An article I wrote for the WCGMC News in December, 2013
One of the more popular mineral locations for upstate New York rockhounds this year was Rose Road off Route 3 in Pitcairn, a daily fee site owned by Mr. Richard LaPlatney who lives at the property. Although the silicate skarn mineralization flanking the Grenville age white marble hill has been visited by mineral collectors dating back to 1880’s the location seems to have been rejuvenated after Walter highlighted the mineralogy and collecting history in his 2007 book “Field Collecting Minerals in the Empire State”.
The major “digging” there this year was focused on the first site encountered after passing LaPlatney’s home just off of Rose Road. At first glance the exposed rock seems to be dominated by lavender diopside, calcite, albite and red brown phlogopite.. A Scanning Electron Microscopy/Energy Dispersive Analysis (SEM/EDA) of the lavender diopside indicated elevated Ti, likely substituting into the Mg spot in the lattice to generate the lavender color (S. Chamberlain, pers. comm.). There is also less Fe in the purple diopside than in the green version found just a few hundred feet farther up the road.
However the big find and activity this year was not in search of diopside, the light blue apatite, or even the brown titanite that is intergrown with albite and calcite. No, the main trench 20-30’ uphill from the entry road was dug in search of scapolite. In the field the light blue mineral is rather unassuming, often rimmed in white where it is altering to natrolite and clays. It is usually intergrown or overgrown with calcite. But digging in the main trench or searching the discards that fell or were pitched down the hill can be rewarding.
Scaoplite is a solid solution between marialite (Na4(Al3Si9O24)Cl) and meionite (Ca4(Al6Si6O24)CO3) and occurrences are often an irregular mixture of the two end members. In addition to informing us that the Rose Road scapolite is very close to a 50% mixture of the two end members Steve Chamblerlain sent us a picture of intergrown scapolite crystals collected this year. The specimen is about 4” high.
Scapolite from Rose Road. Specimen and photo by Steve Chamberlain.
Scapolite has two distinct cleavage directions and also fractures conchoidally such that full crystals such as these are not likely to be exposed by breaking the Rose Road skarn rock. Rather they can be exposed by dissolving encasing calcite.
The Rose Road scapolite becomes much more attractive when subjected to a black light.
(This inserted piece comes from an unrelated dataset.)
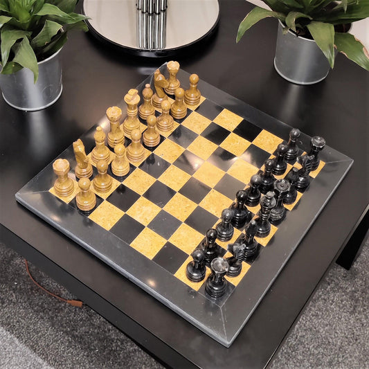 Chess | Marble Chess | Marble Chess Set | Chess Set | Gifts for Him | Christmas Gifts | Chess in Black & Golden Marble | Home Decor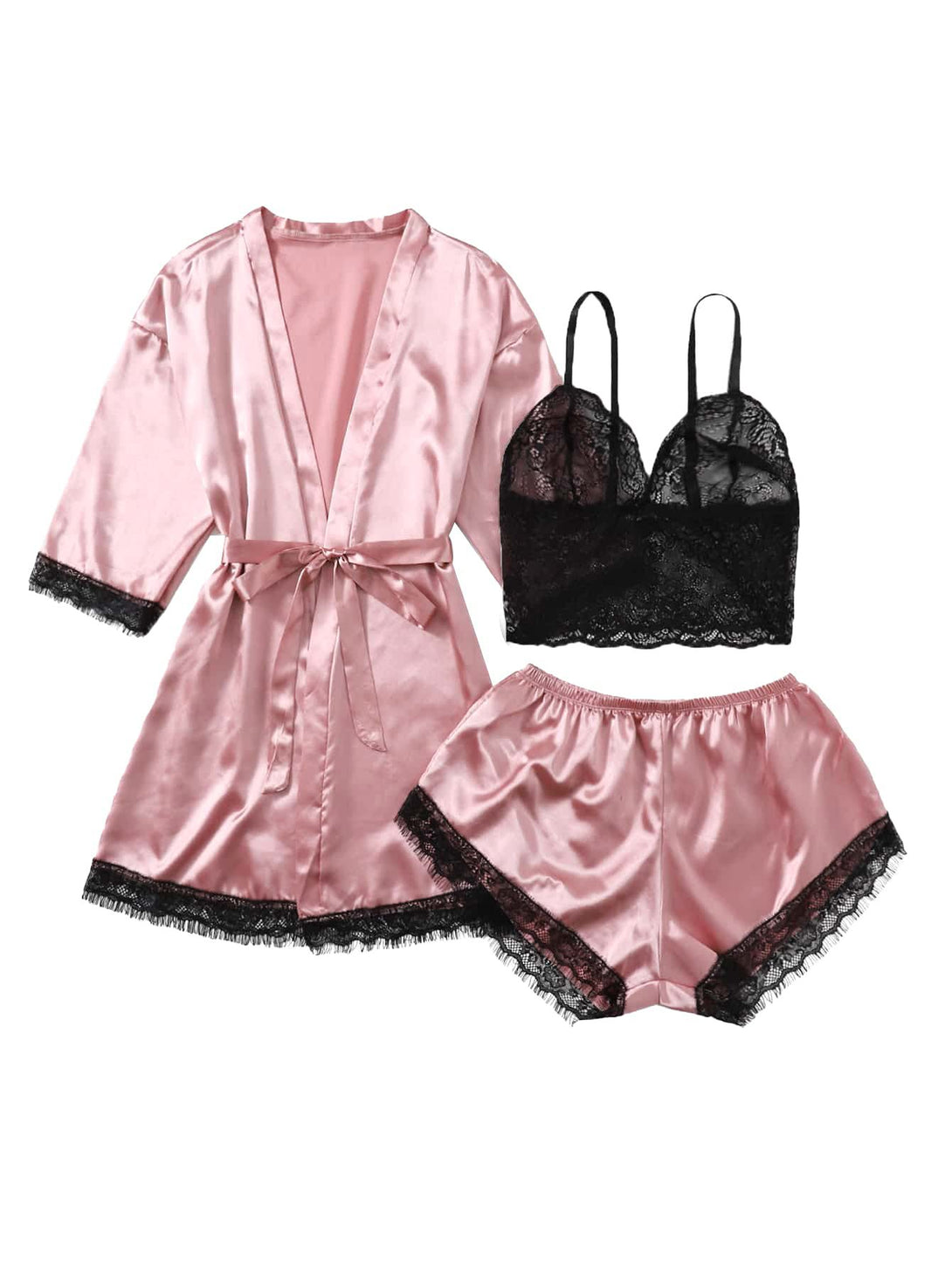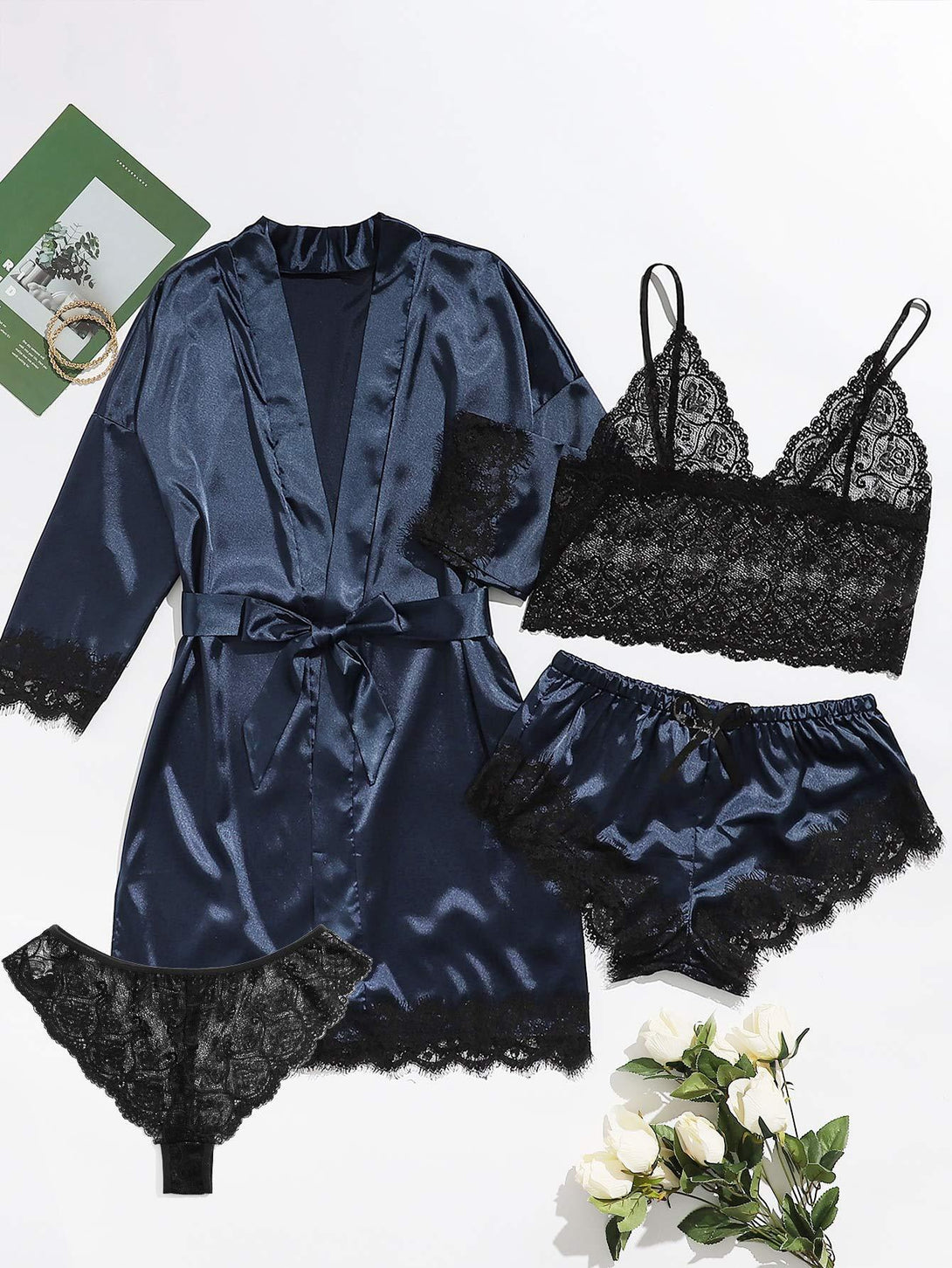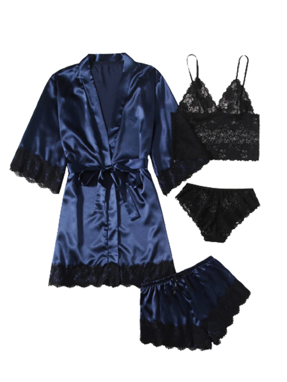 - Lingerie Set: This 4-piece pajama and robe set includes a sexy lace lingerie set (briefs and adjustable strap sling vest), satin shorts, silk lace robe with detachable belt, soft and comfortable pajama set for a relaxing day or night

The fluorescence is bright yellow to short wave UV. Anyone interested in fluorescent minerals must make a trip to Rose Road.
For me the highlight of my July visit to Rose Road came while walking around the satellite tower atop the hill. I was with a group of collectors from the Rochester Academy of Science when I heard from across the pad that someone had found native copper. Of course, you did, I thought, but as he approached the rest of us I could see that is exactly what he was showing us. In fact when we went back to where he had collected it there was a small mound of crushed aggregate covered with native copper. We collected and divided the loot and sat back to reflect on what we had.
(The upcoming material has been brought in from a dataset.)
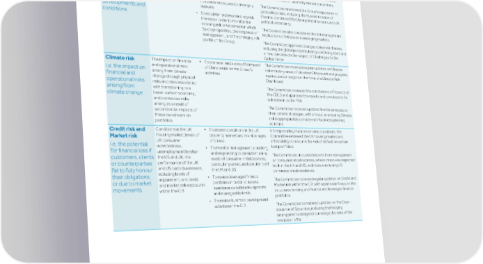 Strategic Shareholder Climate and Risk Financial Financial Barclays PLC 183 report information sustainability report Governance review review statements Annual Report 2022 Directors’ report: Board Risk Committee report (continued) Areas of focus Matters addressed Role of Committee Conclusion/action taken The Committee considered macroeconomic trends, The potential impact on ▪ To consider trends in the Risk profile the Group’s risk profile of economies of our key markets, in including economic slowdown in most major economies, i.e. the impact on geopolitical and particular the UK and US. inflationary pressures, energy market disruption, rising the Group’s risk macroeconomic interest rates, affordability pressures for consumers, • To assess the geopolitical tensions profile of developments. and increased risk of disorderly market corrections. across the globe. geopolitical and The Committee monitored the Group's exposures to • To review exposures to emerging macroeconomic markets. geopolitical risks, including the Russian invasion of developments and Ukraine, continued US/China political tensions and UK • To establish and examine key risk conditions political uncertainty. themes in order to monitor the evolving risk environment in which The Committee also considered the risk management Barclays operates, the response of implications of initiatives in emerging markets. management, and the changing risk The Committee approved changes to key risk themes, profile of the Group. including the global pandemic being a declining trend and a new overview on the subject of Challenges to the Global Order. The impact on financial ▪ To consider and assess the impact The Committee received regular updates on Climate Climate risk and operational risks of Climate risk on the Group’s risk including areas of elevated Climate risk and progress i.e. the impact on arising from climate activities. against sector targets in the form of a Climate Risk financial and change through physical Dashboard. operational risks risks and risks associated The Committee reviewed the conclusions of Round 2 of with transitioning to a arising from the CBES and approved the results and conclusions for lower-carbon economy, climate change submission to the PRA. and connected risks arising as a result of The Committee received updates from businesses on second order impacts of their climate strategies, with a focus on ensuring Climate these two drivers on risk is appropriately considered in business planning portfolios. activities. Conditions in the UK ▪ To assess conditions in the UK In the prevailing macroeconomic conditions, the Credit risk and housing market; levels of property market and monitor signs Committee reviewed the UK housing market and Market risk UK consumer of stress. affordability criteria and the risk of default on certain i.e. the potential indebtedness; loan portfolios. • To monitor management’s tracking for financial loss if unemployment levels in and responding to persistent rising The Committee discussed reports from management the US and UK; the customers, clients levels of consumer indebtedness, on consumer indebtedness, where stress was expected performance of the UK or counterparties particularly unsecured credit in both both in the UK and US, with trends including US and US cards businesses, the UK and US. fail to fully honour consumer credit weakness. including levels of their obligations; • To review leveraged finance impairment; and credit The Committee received regular updates on Credit and portfolios in order to assess or due to market and market risk exposures Market risk within the CIB, with a particular focus on the maintenance within risk appetite movements within the CIB. structured lending and finance and leveraged finance and manageable limits. portfolios. • To review business development The Committee considered updates on the Over- activities in the CIB. issuance of Securities, including the hedging arrangements designed to manage the risks of the rescission offer.

The occurrence was at the base of a large metal fence post flanking the satellite tower and a significant mass of once insulated copper wire had been ravaged along the post. It seems that lightning had likely struck the fence and remobilized the copper to the ground where it had annealed on the marble aggregate. I’m calling them copper fulgurites. The larger one in this grouping is over 4” wide and 3” high and three marble cobbles are forever joined by the annealing copper. The smallest is a great 1” thumbnail. In a region where most of the mineralization is over 1 Billion years old, my prized pieces may have formed this year !
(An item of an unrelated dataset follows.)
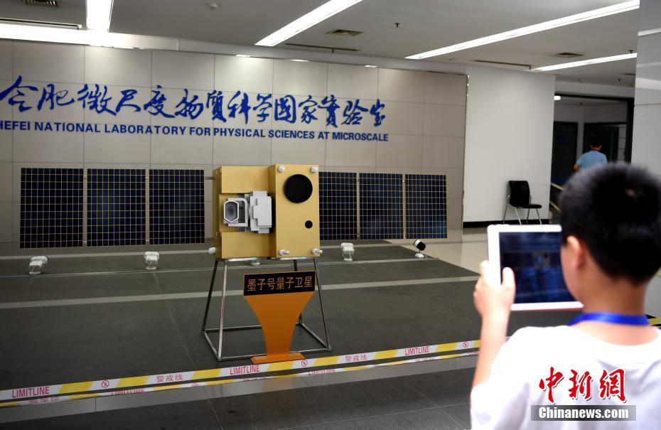 2016年8月16日,中国成功发射世界首颗量子科学实验卫星“墨子号”。2017 年6月16日,中国“墨子号”量子卫星在世界上首次实现千公里量级的量子纠缠。图为一位小朋友正在拍摄“墨子号”模型。中新社记者 韩苏原 摄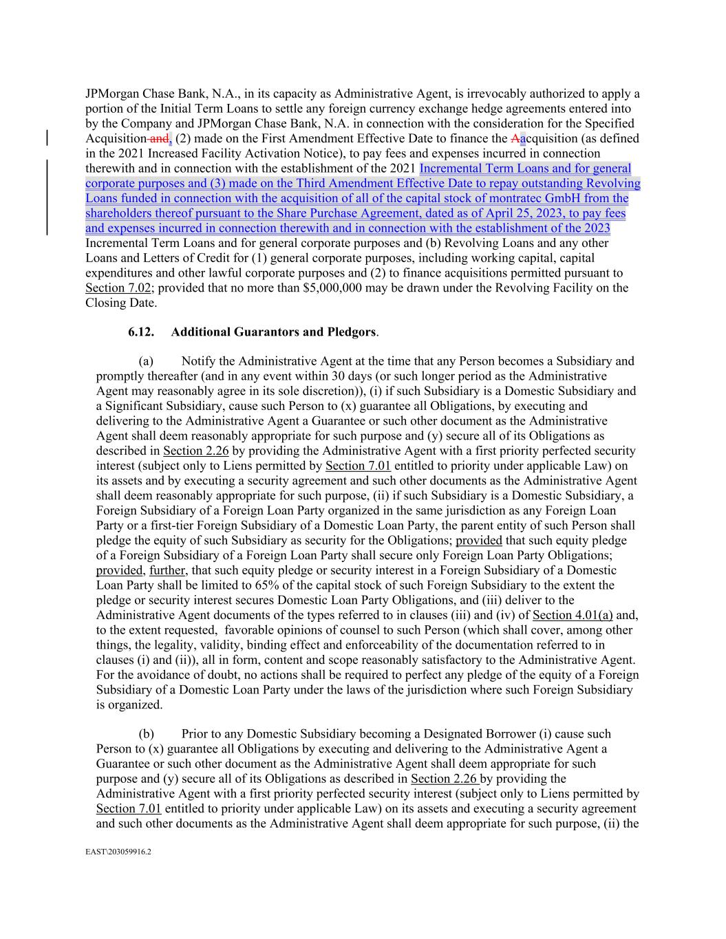 JPMorgan Chase Bank, N.A., in its capacity as Administrative Agent, is irrevocably authorized to apply a portion of the Initial Term Loans to settle any foreign currency exchange hedge agreements entered into by the Company and JPMorgan Chase Bank, N.A. in connection with the consideration for the Specified Acquisition and, (2) made on the First Amendment Effective Date to finance the Aacquisition (as defined in the 2021 Increased Facility Activation Notice), to pay fees and expenses incurred in connection therewith and in connection with the establishment of the 2021 Incremental Term Loans and for general corporate purposes and (3) made on the Third Amendment Effective Date to repay outstanding Revolving Loans funded in connection with the acquisition of all of the capital stock of montratec GmbH from the shareholders thereof pursuant to the Share Purchase Agreement, dated as of April 25, 2023, to pay fees and expenses incurred in connection therewith and in connection with the establishment of the 2023 Incremental Term Loans and for general corporate purposes and (b) Revolving Loans and any other Loans and Letters of Credit for (1) general corporate purposes, including working capital, capital expenditures and other lawful corporate purposes and (2) to finance acquisitions permitted pursuant to Section 7.02; provided that no more than $5,000,000 may be drawn under the Revolving Facility on the Closing Date. 6.12. Additional Guarantors and Pledgors. (a) Notify the Administrative Agent at the time that any Person becomes a Subsidiary and promptly thereafter (and in any event within 30 days (or such longer period as the Administrative Agent may reasonably agree in its sole discretion)), (i) if such Subsidiary is a Domestic Subsidiary and a Significant Subsidiary, cause such Person to (x) guarantee all Obligations, by executing and delivering to the Administrative Agent a Guarantee or such other document as the Administrative Agent shall deem reasonably appropriate for such purpose and (y) secure all of its Obligations as described in Section 2.26 by providing the Administrative Agent with a first priority perfected security interest (subject only to Liens permitted by Section 7.01 entitled to priority under applicable Law) on its assets and by executing a security agreement and such other documents as the Administrative Agent shall deem reasonably appropriate for such purpose, (ii) if such Subsidiary is a Domestic Subsidiary, a Foreign Subsidiary of a Foreign Loan Party organized in the same jurisdiction as any Foreign Loan Party or a first-tier Foreign Subsidiary of a Domestic Loan Party, the parent entity of such Person shall pledge the equity of such Subsidiary as security for the Obligations; provided that such equity pledge of a Foreign Subsidiary of a Foreign Loan Party shall secure only Foreign Loan Party Obligations; provided, further, that such equity pledge or security interest in a Foreign Subsidiary of a Domestic Loan Party shall be limited to 65% of the capital stock of such Foreign Subsidiary to the extent the pledge or security interest secures Domestic Loan Party Obligations, and (iii) deliver to the Administrative Agent documents of the types referred to in clauses (iii) and (iv) of Section 4.01(a) and, to the extent requested, favorable opinions of counsel to such Person (which shall cover, among other things, the legality, validity, binding effect and enforceability of the documentation referred to in clauses (i) and (ii)), all in form, content and scope reasonably satisfactory to the Administrative Agent. For the avoidance of doubt, no actions shall be required to perfect any pledge of the equity of a Foreign Subsidiary of a Domestic Loan Party under the laws of the jurisdiction where such Foreign Subsidiary is organized. (b) Prior to any Domestic Subsidiary becoming a Designated Borrower (i) cause such Person to (x) guarantee all Obligations by executing and delivering to the Administrative Agent a Guarantee or such other document as the Administrative Agent shall deem appropriate for such purpose and (y) secure all of its Obligations as described in Section 2.26 by providing the Administrative Agent with a first priority perfected security interest (subject only to Liens permitted by Section 7.01 entitled to priority under applicable Law) on its assets and executing a security agreement and such other documents as the Administrative Agent shall deem appropriate for such purpose, (ii) the EAST\203059916.2

Copper fulgurites from satellite tower off of Rose Road. Largest specimen is 3″ high.
The Rose Road, Pitcairn, NY location was not only a popular target for field collectors this year, but it was also the subject of two publications.
Chamberlain and Robinson (2013), The Collector’s Guide to the Minerals of New York State, Shiffer Publishing, pg. 46-49.
Walter, M. (2013), Four collecting sites in St. Lawrence County, Rock and Gem, October, p. 34-37.